Alternatively, or in addition, the animation format is based on a list of qualifying properties that describe a scene and a humanoid avatar, including textures, meshes, materials, expressions, and armature (such as described in the VRM file format). Alternatively, or in addition, the steps occur in real time or near real time. Alternatively, or in addition, the computing device or system comprises an augmented reality device. Alternatively, or in addition, the computing device or system comprises a virtual reality device.


In a fourth aspect, a non-transitory memory device is provided that includes computer instructions for controlling one or more computer processors to perform the steps of any of the methods disclosed herein.





BRIEF DESCRIPTION OF THE DRAWINGS

The accompanying drawings, which are incorporated in and constitute a part of this specification, illustrate various embodiments of the invention and, together with the general description of the invention given above, and the detailed description of the embodiments given below, serve to explain the embodiments of the invention.



FIG. 1 is a flow diagram representation of various embodiments disclosed herein;



FIG. 2 is a graphical illustration of a display of a computing device according to various embodiments disclosed herein;



FIG. 3 is an illustration of an augmented reality computing device utilizing various embodiments disclosed herein;



FIG. 4 is an illustration of a virtual reality computing device utilizing various embodiments disclosed herein; and



FIG. 5 is a block diagram representation of a system for implementing various embodiments disclosed herein.





DETAILED DESCRIPTION

Embodiments of the disclosure provide an accessibility implementation that displays a 3D model (or avatar) alongside a video player. This avatar is used to replicate a previously translated text or audio into sign language, using an AI model to refine the necessary movements.

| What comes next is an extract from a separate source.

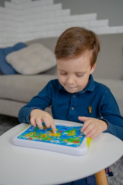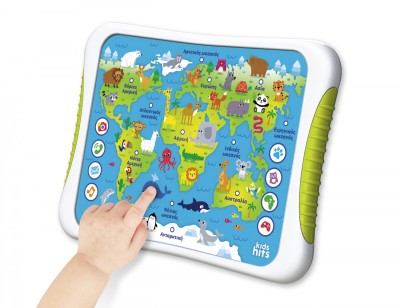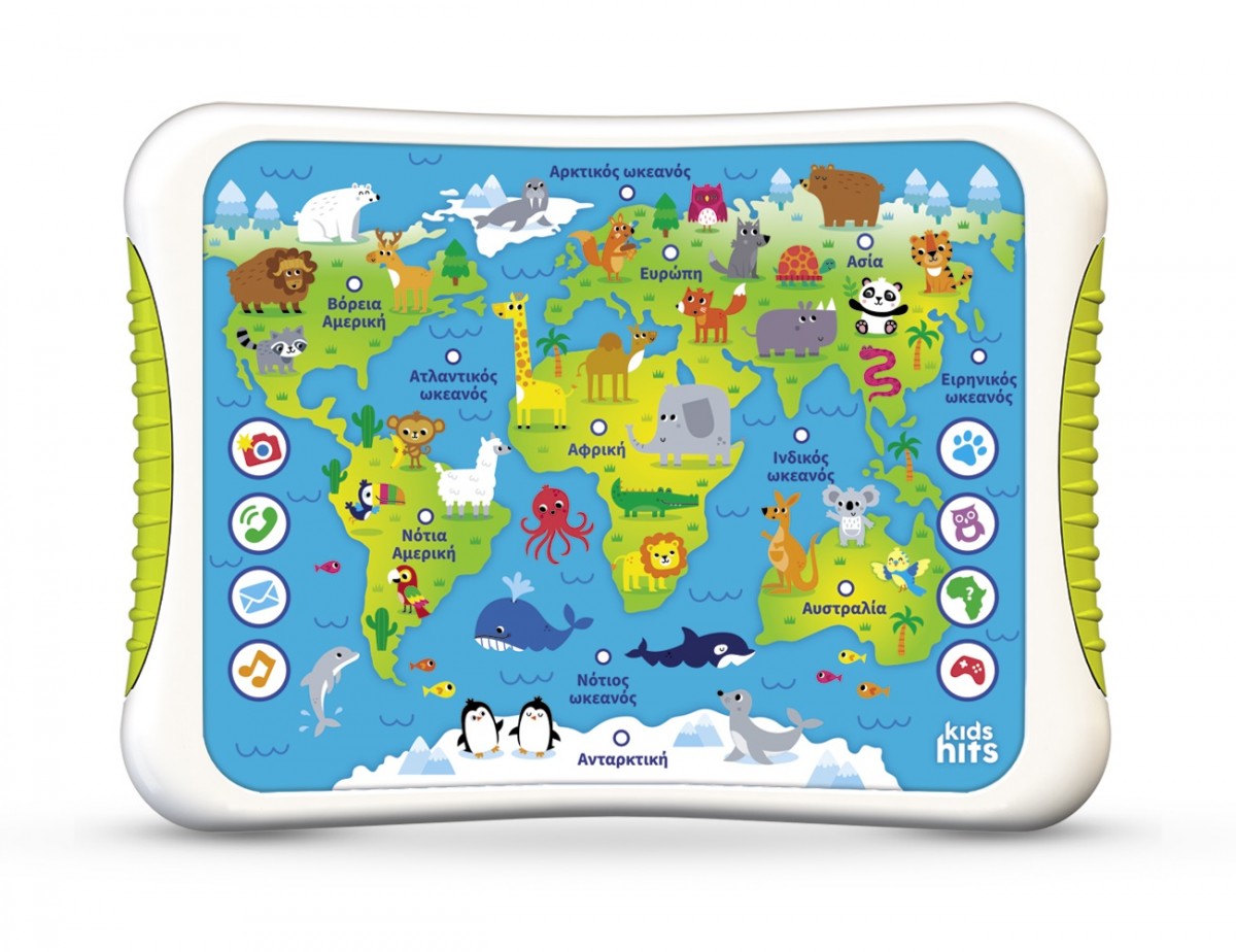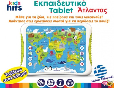 Το Tablet Άτλαντας είναι ένα εκπαιδευτικό διαδραστικό παιχνίδι που εισάγει το παιδί στον κόσμο της γνώσης! Με αυτό το πρωτότυπο παιχνίδι tablet το παιδί μαθαίνει ενδιαφέρουσες πληροφορίες για τα ζώα του κόσμου, τις ηπείρους και τους ωκεανούς. Ο πολύχρωμος σχεδιασμός, οι ήχοι ζώων και οι πρωτότυπες μελωδίες προσφέρουν ώρες ψυχαγωγίας, βοηθώντας στην ανάπτυξη των αισθητηριακών δεξιοτήτων και της λογικής. Το πρακτικό σχήμα και η ποικιλία εκπαιδευτικού περιεχομένου και κουίζ, κάνουν το Tablet Άτλαντα ένα από τα δημοφιλέστερα παιχνίδια!
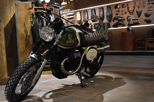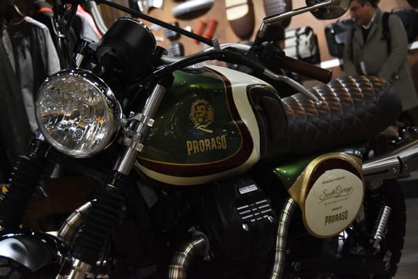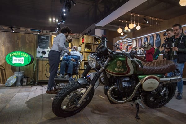 Nell’ampio stand del Gruppo Piaggio, nell’area dedicata al brand Moto Guzzi c’erano alcune “bellezze speciali” tutte da ammirare: le tre V7 III “Nomad”, “Avio” e “Sketich bike-clubber”, la Asfy su base V9 Roamer (tra le protagoniste del contest tv “Lord of the Bikes” 2017, andato in onda su Sky Uno HD), la V9 Roamer con livrea customizzata per il tour “Sali a Borgo” e la Moto Guzzi V7 III realizzata da South Garage per il brand Proraso.

An embodiment provides a software system capable of reading an audio file or a transcript and converting it into a sequence of sign language movements. A 3D or 2D avatar animation may be generated from the sequence of sign language movements in a primary window or in a secondary window on a user's computing device (or in a virtual reality or augmented reality space) using accelerated graphical APIs To make movements appear more natural, the sequence of gestures/movements may be generated through an AI model, or a combination of natural language analysis and an AI model, to smooth out any possible transition across the gestures and adapt it to the viewing condition.


Referring to FIGS. 1-5, a user may upload a video file in step 10 (e.g., from user computer 52 to server(s) 50 over the network 58). From uploaded video file, a traditional video transcoding pipeline 12 is present on the server(s) 50. In a parallel computing path to the transcoding pipeline, the server(s) 50 may generate an audio transcription 14 from the spoken audio in the video file. This transcript may be used for captions (sent to caption storage in step 16) and may also be used to generate the sequence of sign language gesture/movement instructions in step 18.


The sequence of sign language instructions may be generated during the processing of the primary audio and video streams 12, and possibly after the audio-to-text transcription 14. In an embodiment the sign langue instructions include both word-for-word translations into American Sign Language (ASL) along with the associated ASL grammar, including sign order. See, for example, Rotem Shalev-Arkushin, et al., Ham2Pose: Animating Sign Language Notation into Pose Sequences (Apr. 1, 2023; cite as arXiv: 2211.13613v2) the disclosure of which is incorporated herein by reference. See, also, github.com/google/mediapipe/blob/master/docs/solutions/holistic.md (“MediaPipe Holistic.” Mar. 1, 2023) the disclosure of which is also incorporated herein by reference. The sign language instructions may be transmitted (for example, over the network 58 from the server(s) 50 to an end-user's computing device 52, 30, 46) with the encoded video and audio files as additional metadata.


Once the sequence of sign language gestures/movement insturctions is generated, it is used to drive a 3D avatar and displayed on-demand in a secondary window 20 alongside the main video window 22 of a video player operating on an end-user's computing device display 53, 34, 44. The user may select further customization options, such as language or avatar model.


Among the innovative features, this system/method allows the video creator to avoid creating or preparing subtitles and would make videos more accessible. Additionally, the use of AI would generate finely translated sequences that would consistently improve on the computer generated movements. Finally, the 3D avatar selection could be user-made, making the viewer more at ease watching the video.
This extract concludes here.